De verdachte heeft samen met een ander geprobeerd om vanaf de openbare weg, op klaarlichte dag en met inbrekerswerktuigen op zak, een toegangsdeur open te krijgen die leidde naar boxruimten waarin spullen van het betreffende wooncomplex waren opgeslagen. Slechts doordat een alerte buurtbewoner de politie heeft gealarmeerd zijn de verdachte en zijn kompaan niet verder gekomen dan een poging tot inbraak. Deze uiterst brutale handelwijze getuigt van een gebrek aan respect voor de eigendommen van anderen. Dergelijke vergrijpen versterken bovendien gevoelens van onveiligheid in de maatschappij in het algemeen, en bij de bewoners van dat complex in het bijzonder. Blijkens een de verdachte betreffend uittreksel uit de Justitiële Documentatie van 25 maart 2019 is hij eerder en herhaaldelijk ter zake van vermogensdelicten onherroepelijk veroordeeld. Dit wordt in het nadeel van de verdachte gewogen. In het licht daarvan acht het hof, met de rechtbank, in beginsel de oplegging van een onvoorwaardelijke gevangenisstraf gerechtvaardigd. Het hof ziet echter aanleiding hiervan af te wijken gelet op het volgende.
De verdachte heeft ter terechtzitting in hoger beroep het aan hem tenlastegelegde bekend en ervan blijk gegeven de ernst van zijn daad te hebben ingezien. Dit laatste is op het hof oprecht overgekomen. De aanhouding in deze zaak op 17 november 2016 lijkt een kantelpunt te zijn geweest. Sindsdien probeert hij zijn leven op orde te krijgen. Zo heeft hij zijn cocaïnegebruik weten te staken en werk als timmerman gevonden. Daarnaast heeft hij een vaste relatie gekregen, heeft hij de (gedeelde) zorg voor zijn kinderen en is een oplossing gevonden voor zijn schuldenproblematiek. Een en ander vindt in zoverre weerklank in genoemd uittreksel uit de Justitiële Documentatie daar daaruit blijkt dat de verdachte na 17 november 2016 geen vermogensmisdrijven heeft begaan die ter kennis van justitie zijn gekomen. Daarmee lijkt een hardnekkig recidivepatroon vooralsnog te zijn doorbroken. Het hof acht het bij die stand van zaken niet opportuun om aan de verdachte een vrijheidsstraf op te leggen en zal daarom volstaan met een forse werkstraf. Wel zal het hof daarnaast een voorwaardelijke gevangenisstraf opleggen, teneinde de verdachte ervan te weerhouden opnieuw strafbare feiten te plegen.
Het hof acht, alles afwegende, een taakstraf en voorwaardelijke gevangenisstraf van na te melden duur passend en geboden.

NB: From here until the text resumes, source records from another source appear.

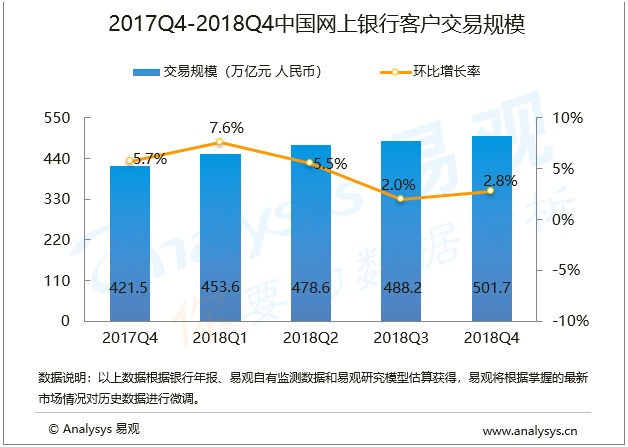 根據Analysys易觀產業(yè)數據庫發(fā)布的《中國網上銀行市場季度監(jiān)測報告2018年第4季度》數據顯示,2018年第4季度,中國網上銀行客戶交易規(guī)模為501.7萬億元人民幣,環(huán)比增長2.8%。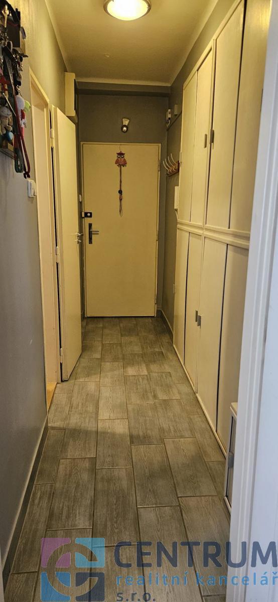 chodba s vestavěnou skříní; kuchyň - kuchyňská linka vč. kombinovaného sporáku vč. digestoře, myčka nádobí; obývací pokoj se vstupem na lodžii; ložnice vč. vybavení - manželská postel bez matrací, 2x vestavěná skříň; dětský pokoj; zděná koupelna s vanou a místem na pračku i sušičku; samostatná toaleta; v bytě jsou plovoucí podlahy a dlažba ( chodba, koupelna a toaleta ), plastová okna.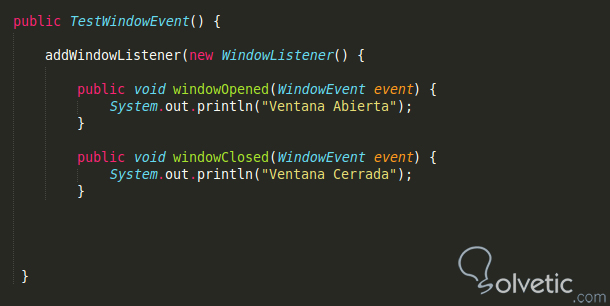 Para poder implementar los WindowEvents debemos usar el WindowListener y crear nuestro componente escucha que capturará los eventos correspondientes a la ventana del programa.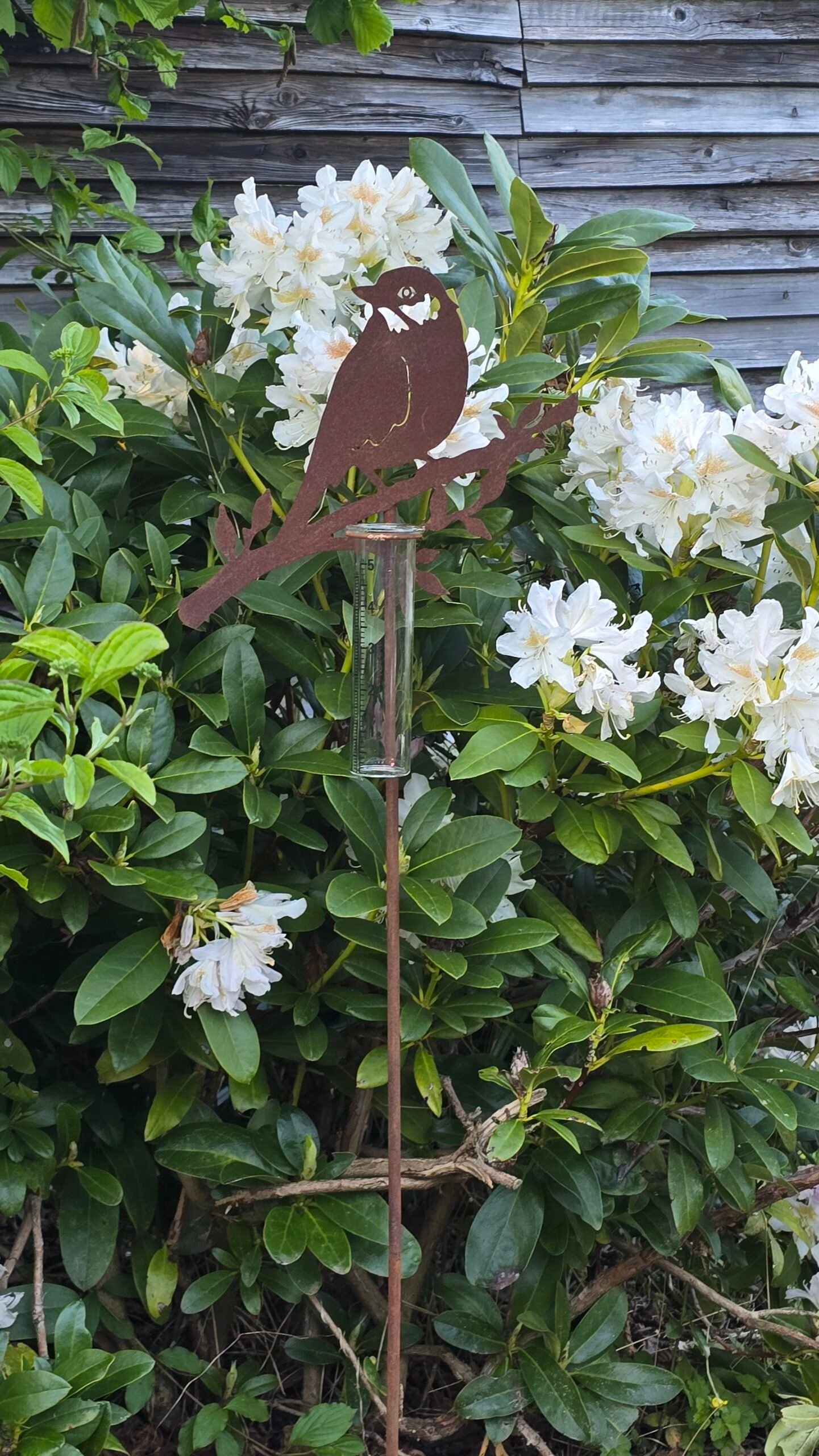 Tuinsteker met regenmeter vogel roest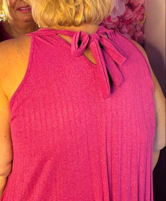 Lange Jurk Plisse Shine Fuchsia Plus Size 44 t/m 52-54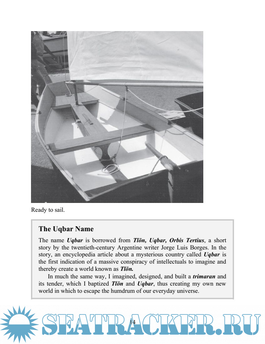 Year: 2014 Language: english Author: Redjeb Jordania Genre: Practical guide Publisher: International Marine/Ragged Mountain Press ISBN: 978-0-07-182965-6 Format: PDF + epub Quality: eBook Pages count: 191 Description: In following five easy steps you can build yor own boat: — CUT all parts to exact shape with the help of our cutting diagrams. — EPOXY fiberglass tape on the outside of the seams. — STITCH the hull panels together with metal or plastic wire-ties. — SNIP OFF the wire ends on the outside and fair. — GLUE the panels together by spreading epoxy putty over the wires In just a long weekend or a few evenings, you can realize your boat dreams with the guidance and detailed instructions offered in Building the Uqbar Dinghy. Boatbuilder/designer Redjeb Jordania walks you through the building process with advice on materials, techniques, tricks and traps, and more. Inside you will find: — Plans and cutting diagrams for all models, including rowing as well as sailing versions — A captioned Visual Guide that will show you all the steps and illustrates vividly the techniques used in building an Uqbar — Detailed step-by-step instructions — First-hand descriptions from boat enthusiasts of their experiences building the dinghy on their own to give you the confidence that you can do it, too — A glossary of terms related to the building process — A list of suppliers so you can easily find what you need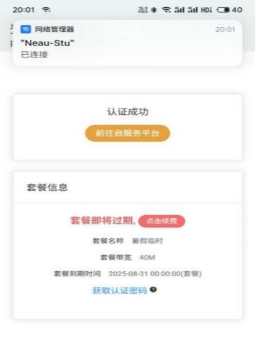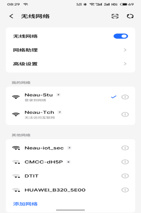2.打开WiFi,选择Neau-Stu连接,教师选择“Neau-Tch”。自动跳转到认证界面,输入学号统一身份认证密码登录即可。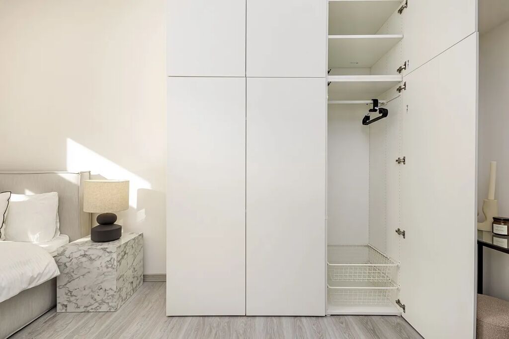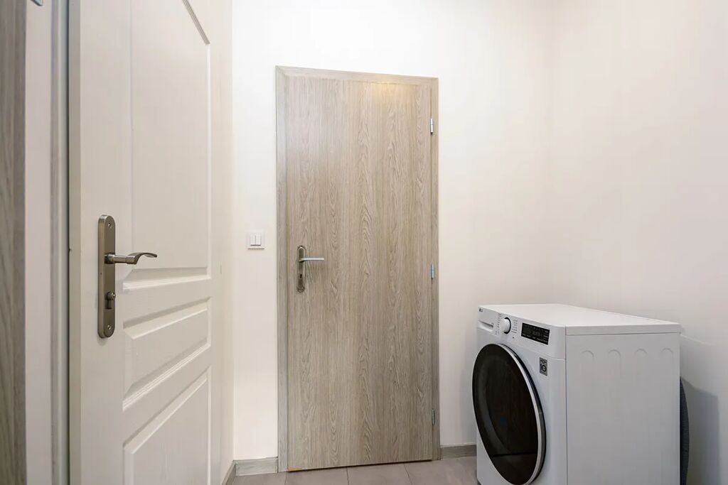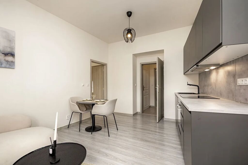 Po vstupu do bytu Vás přivítá prostorná chodba, ze které je vstup do koupelny se sprchovým koutem, toaletou a pračkou se sušičkou. Následuje obývací prostor s kuchyňským koutem, kde je moderní kuchyňská linka vybavená všemi spotřebiči – lednicí s mrazákem, myčkou, troubou, indukční varnou deskou a dalším vybavením.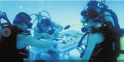 天气太热玩友水下打麻将 想尝试要有潜水证(图)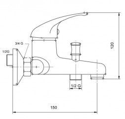 Vodovodní baterie METALIA 55, vanová nástěnná se samočistící sprchovou růžicí, vícezámkovou kovovou hadicí a kloubovým držákem sprchy. Rozteč 150 mm.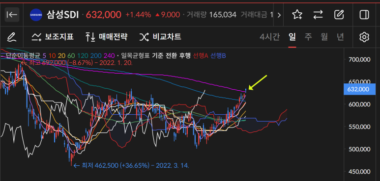 최근 꾸준한 상승을 보여주고 있는 삼성sdi가 240일선을 터치하면서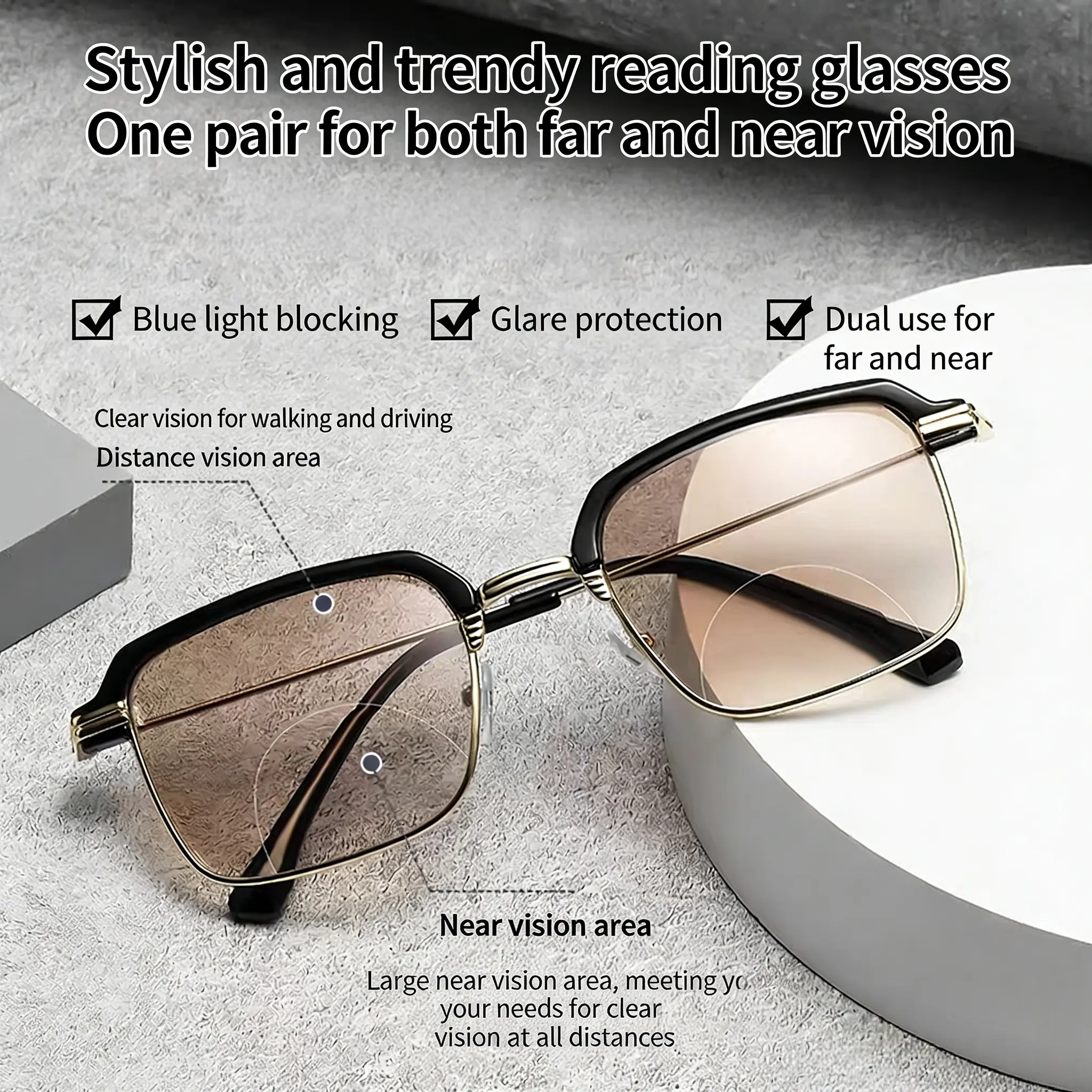 This product is a near-vision reading glasses, only suitable for close-up use such as reading books and looking at mobile phones.Do NOT wear them while driving, walking, or looking at distant objects, as this may cause blurred vision, dizziness, and compromise safety.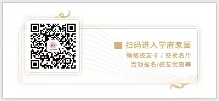 “学府家园”是学校校友总会为校友们建立的微信服务平台,大家可以通过扫描下面的二维码进行注册并办理电子校友卡。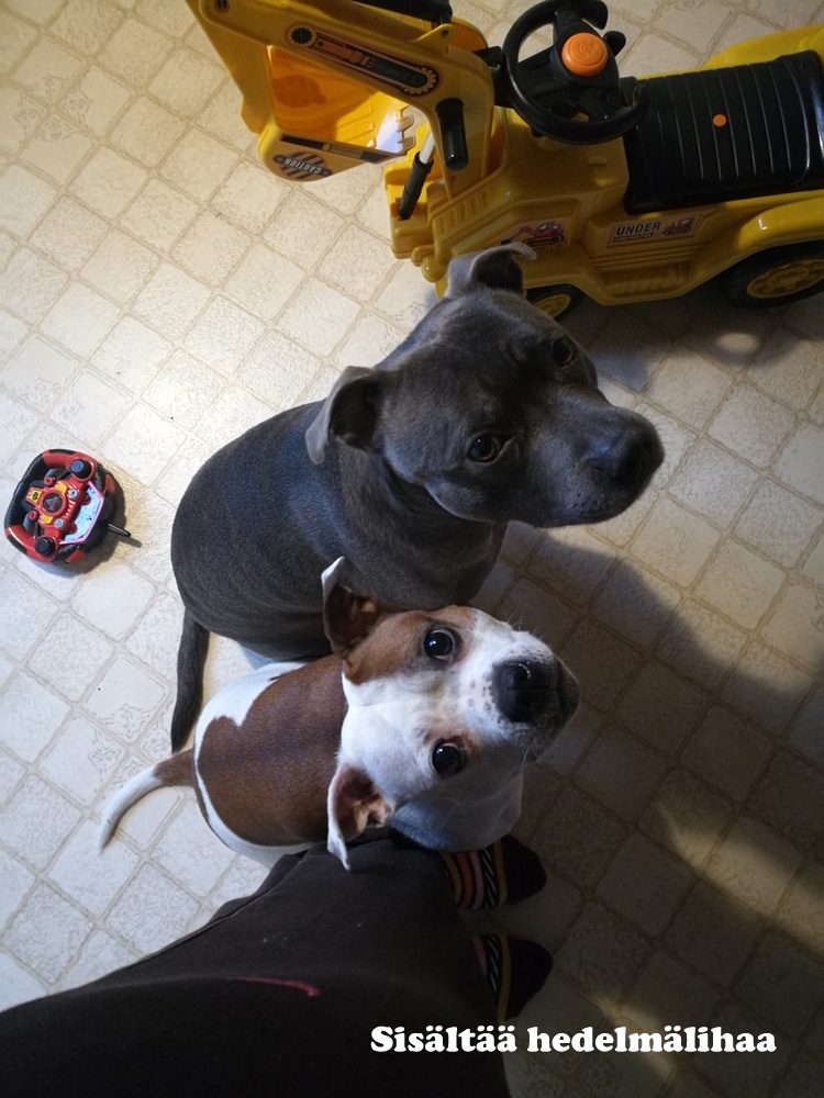 Mä ajattelin vielä pitkään, että kyllä se siitä rauhoittuu kun vaan päästään treenaamaan useammin ja sille tulee se rutiini. Kun pääsen purkamaan sitä kunnolla, kun ei tarvi pelätä sen fysiikkaa tai jotain. Mut ei. Joskus tossa alkusyksyllä se varmaan oli kun mä rakensin ruutua ja annoin Luumun hengailla siinä kentällä. Ja se huusi. Piippasi, kuten ehkä tavallisten koirien kohdalla sanottaisiin, mut Luumu huusi. Ja se on staffiksi hiljainen koira, se on koiraksikin hiljainen koira. Eli nyt oli oikeasti tehtävä jotain muutoksia.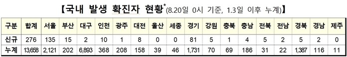 지역발생 276명을 지역별로 보면 서울 135명으로 가장 많았다. 이어 경기 81명, 부산 15명, 인천 10명, 대전 8명, 강원·전북·경북 5명, 충남 4명, 대구·전남·경남 2명, 광주·충북에서 각 1명씩 확진자가 나타났다.

Toepasselijke wettelijke voorschriften

De op te leggen straf is gegrond op de artikelen 14a, 14b, 14c, 22c, 22d, 45, 63 en 311 van het Wetboek van Strafrecht.
Deze wettelijke voorschriften worden toegepast zoals geldend ten tijde van het bewezen verklaarde.

BESLISSING

Het hof:
Vernietigt het vonnis waarvan beroep en doet opnieuw recht:
Verklaart zoals hiervoor overwogen bewezen dat de verdachte het primair ten laste gelegde heeft begaan.
Verklaart niet bewezen hetgeen de verdachte meer of anders is ten laste gelegd dan hierboven is bewezen verklaard en spreekt de verdachte daarvan vrij.
Verklaart het primair bewezen verklaarde strafbaar, kwalificeert dit als hiervoor vermeld en verklaart de verdachte strafbaar.
Veroordeelt de verdachte tot een
gevangenisstrafvoor de duur van
31 (eenendertig) dagen.
Bepaalt dat een gedeelte van de gevangenisstraf, groot
30 (dertig) dagen, niet ten uitvoer zal worden gelegd, tenzij de rechter later anders mocht gelasten omdat de verdachte zich voor het einde van een proeftijd van
2 (twee) jarenaan een strafbaar feit heeft schuldig gemaakt.
Beveelt dat de tijd die door de verdachte vóór de tenuitvoerlegging van deze uitspraak in enige in artikel 27, eerste lid, of artikel 27a van het Wetboek van Strafrecht bedoelde vorm van voorarrest is doorgebracht, bij de uitvoering van de opgelegde gevangenisstraf in mindering zal worden gebracht, voor zover die tijd niet reeds op een andere straf in mindering is gebracht.
Veroordeelt de verdachte tot een
taakstrafvoor de duur van
90 (negentig) uren, indien niet naar behoren verricht te vervangen door
45 (vijfenveertig) dagen hechtenis.
Dit arrest is gewezen door de meervoudige strafkamer van het gerechtshof Amsterdam, waarin zitting hadden mr. W.M.C. Tilleman, mr. C.N. Dalebout en mr. J.J.I. de Jong, in tegenwoordigheid van mr. D. Boessenkool, griffier, en is uitgesproken op de openbare terechtzitting van dit gerechtshof van 23 april 2019.
mrs. C.N. Dalebout en J.J.I. de Jong zijn buiten staat dit arrest mede te ondertekenen.
========================================================================
[…]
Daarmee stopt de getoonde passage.